### WHAT IS BEING ASKED
Below this line is the material. Write out only its lines from the one containing "From an object-oriented" through the one containing "YB-200IP防水電插鎖,經過精心設計", both kept, exactly.

### INPUT
↓↓↓
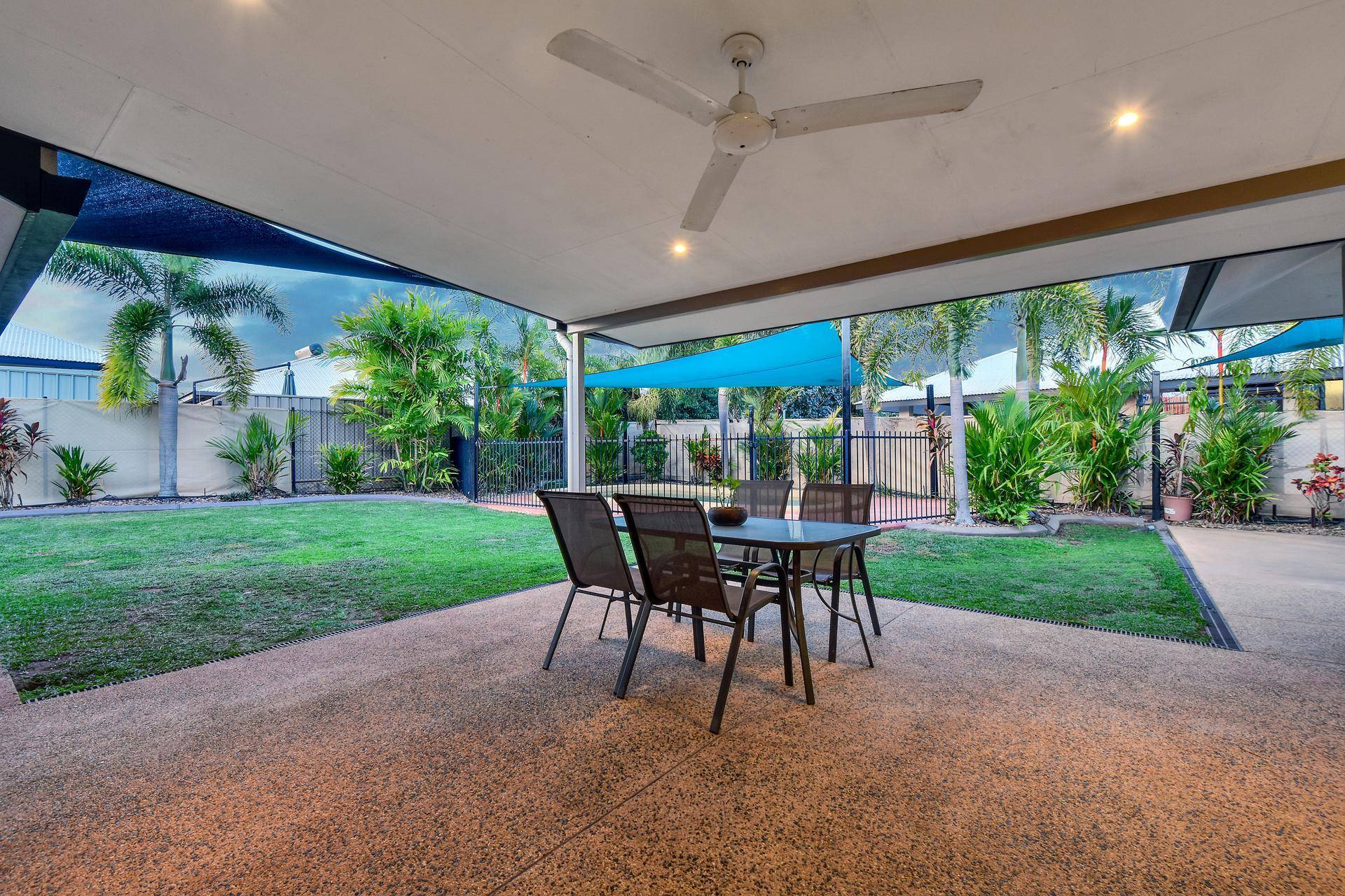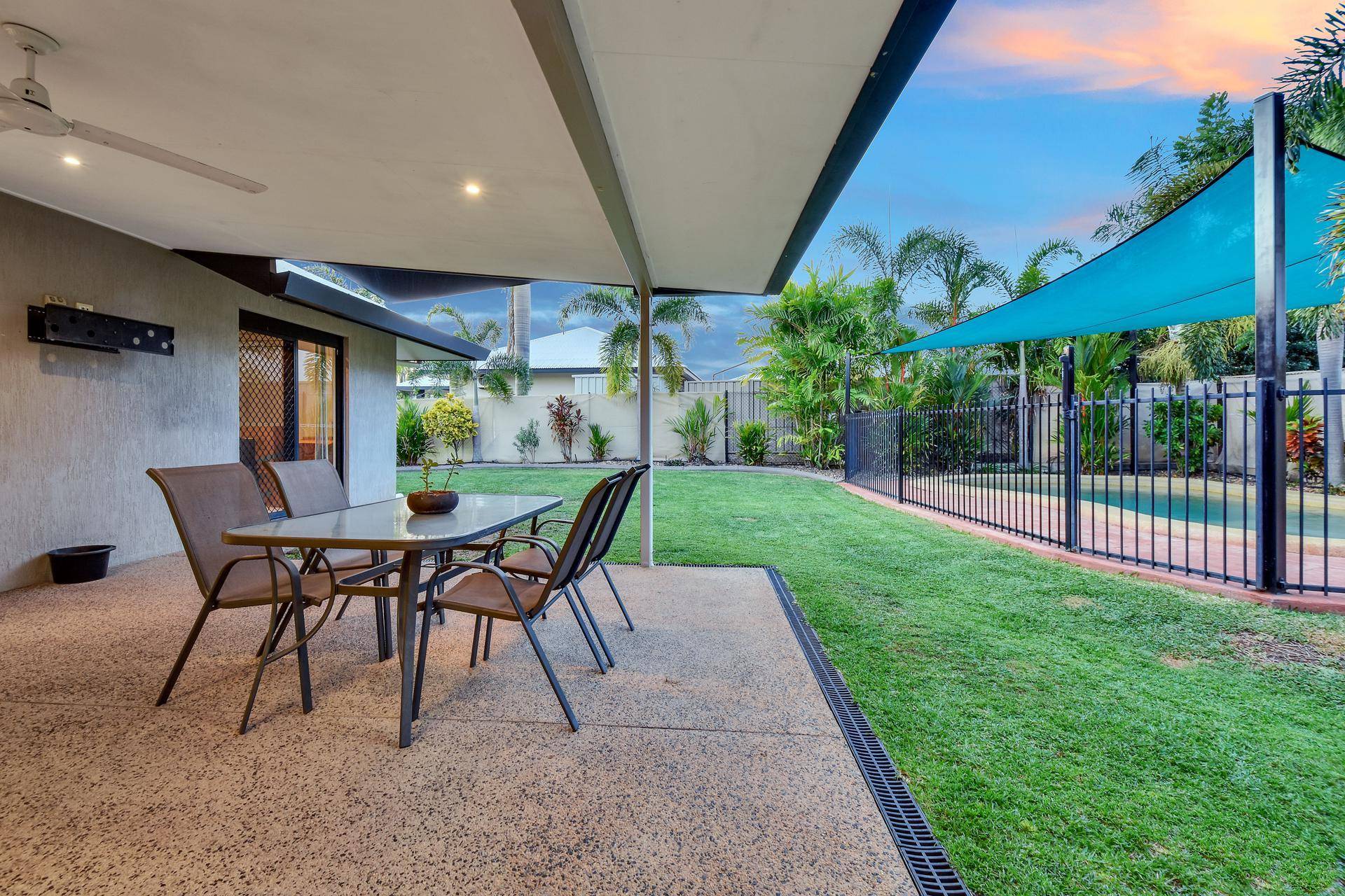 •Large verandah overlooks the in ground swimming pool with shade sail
↑↑↑
↓↓↓
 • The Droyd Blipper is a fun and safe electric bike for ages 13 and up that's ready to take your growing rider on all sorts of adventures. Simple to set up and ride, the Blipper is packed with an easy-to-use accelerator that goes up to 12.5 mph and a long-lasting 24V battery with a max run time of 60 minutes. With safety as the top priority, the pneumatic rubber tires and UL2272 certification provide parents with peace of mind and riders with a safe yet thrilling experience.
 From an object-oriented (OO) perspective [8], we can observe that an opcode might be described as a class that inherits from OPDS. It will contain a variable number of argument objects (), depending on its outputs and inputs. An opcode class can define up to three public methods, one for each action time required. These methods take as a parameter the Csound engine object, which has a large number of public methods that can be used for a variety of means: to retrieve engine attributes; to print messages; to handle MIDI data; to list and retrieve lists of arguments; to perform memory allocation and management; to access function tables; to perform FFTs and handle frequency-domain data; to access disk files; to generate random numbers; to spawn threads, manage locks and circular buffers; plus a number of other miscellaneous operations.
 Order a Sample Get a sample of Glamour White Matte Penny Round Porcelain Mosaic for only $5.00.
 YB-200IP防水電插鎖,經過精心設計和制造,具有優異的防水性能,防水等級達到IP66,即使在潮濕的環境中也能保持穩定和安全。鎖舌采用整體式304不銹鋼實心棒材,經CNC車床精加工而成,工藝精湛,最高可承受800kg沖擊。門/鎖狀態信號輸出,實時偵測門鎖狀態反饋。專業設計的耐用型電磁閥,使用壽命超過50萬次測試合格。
↑↑↑
↓↓↓
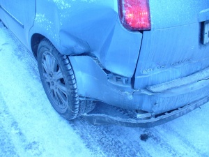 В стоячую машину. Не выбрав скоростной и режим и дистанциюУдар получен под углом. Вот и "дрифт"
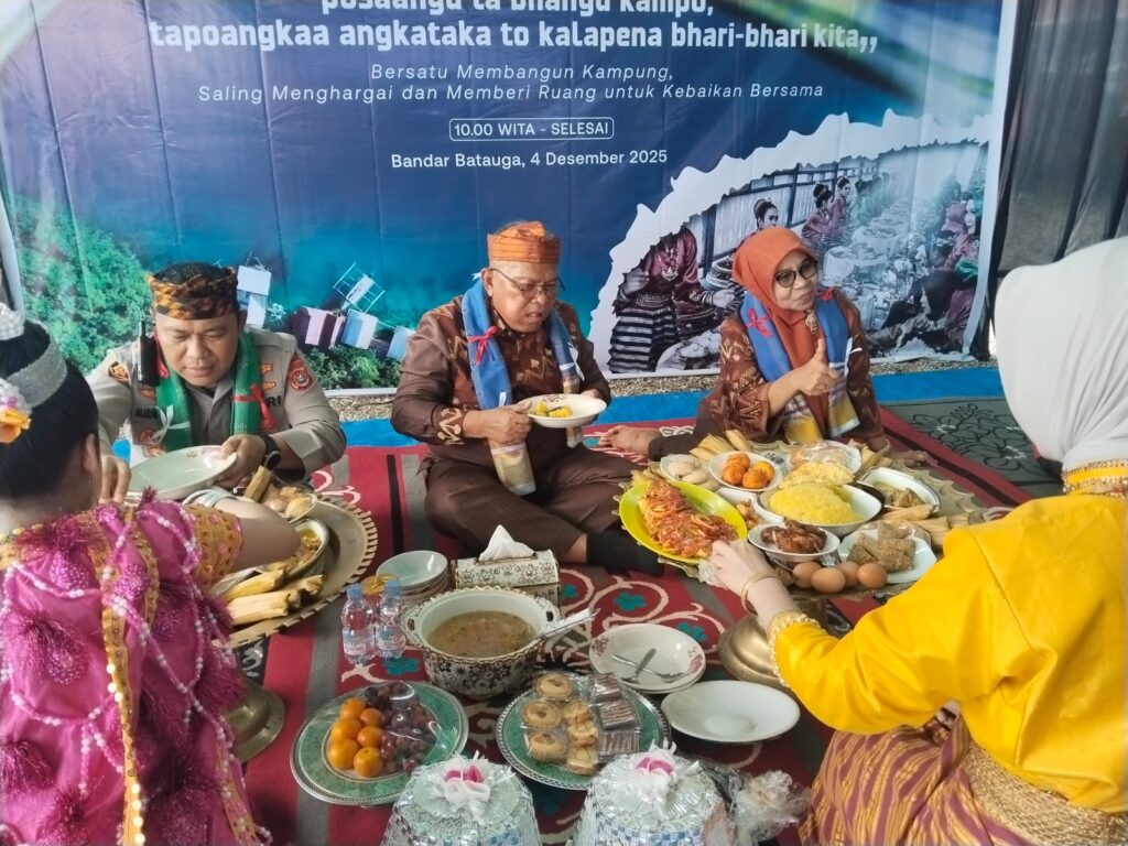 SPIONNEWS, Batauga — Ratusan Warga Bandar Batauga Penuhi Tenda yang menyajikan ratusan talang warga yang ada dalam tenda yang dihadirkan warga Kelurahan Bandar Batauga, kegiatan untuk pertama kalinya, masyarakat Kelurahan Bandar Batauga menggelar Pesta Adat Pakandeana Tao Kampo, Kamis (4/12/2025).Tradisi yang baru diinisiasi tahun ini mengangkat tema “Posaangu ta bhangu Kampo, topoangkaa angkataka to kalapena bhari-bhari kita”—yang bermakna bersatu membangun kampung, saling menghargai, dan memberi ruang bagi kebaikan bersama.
↑↑↑
### ANSWER BELOW
 From an object-oriented (OO) perspective [8], we can observe that an opcode might be described as a class that inherits from OPDS. It will contain a variable number of argument objects (), depending on its outputs and inputs. An opcode class can define up to three public methods, one for each action time required. These methods take as a parameter the Csound engine object, which has a large number of public methods that can be used for a variety of means: to retrieve engine attributes; to print messages; to handle MIDI data; to list and retrieve lists of arguments; to perform memory allocation and management; to access function tables; to perform FFTs and handle frequency-domain data; to access disk files; to generate random numbers; to spawn threads, manage locks and circular buffers; plus a number of other miscellaneous operations.
 Order a Sample Get a sample of Glamour White Matte Penny Round Porcelain Mosaic for only $5.00.
 YB-200IP防水電插鎖,經過精心設計和制造,具有優異的防水性能,防水等級達到IP66,即使在潮濕的環境中也能保持穩定和安全。鎖舌采用整體式304不銹鋼實心棒材,經CNC車床精加工而成,工藝精湛,最高可承受800kg沖擊。門/鎖狀態信號輸出,實時偵測門鎖狀態反饋。專業設計的耐用型電磁閥,使用壽命超過50萬次測試合格。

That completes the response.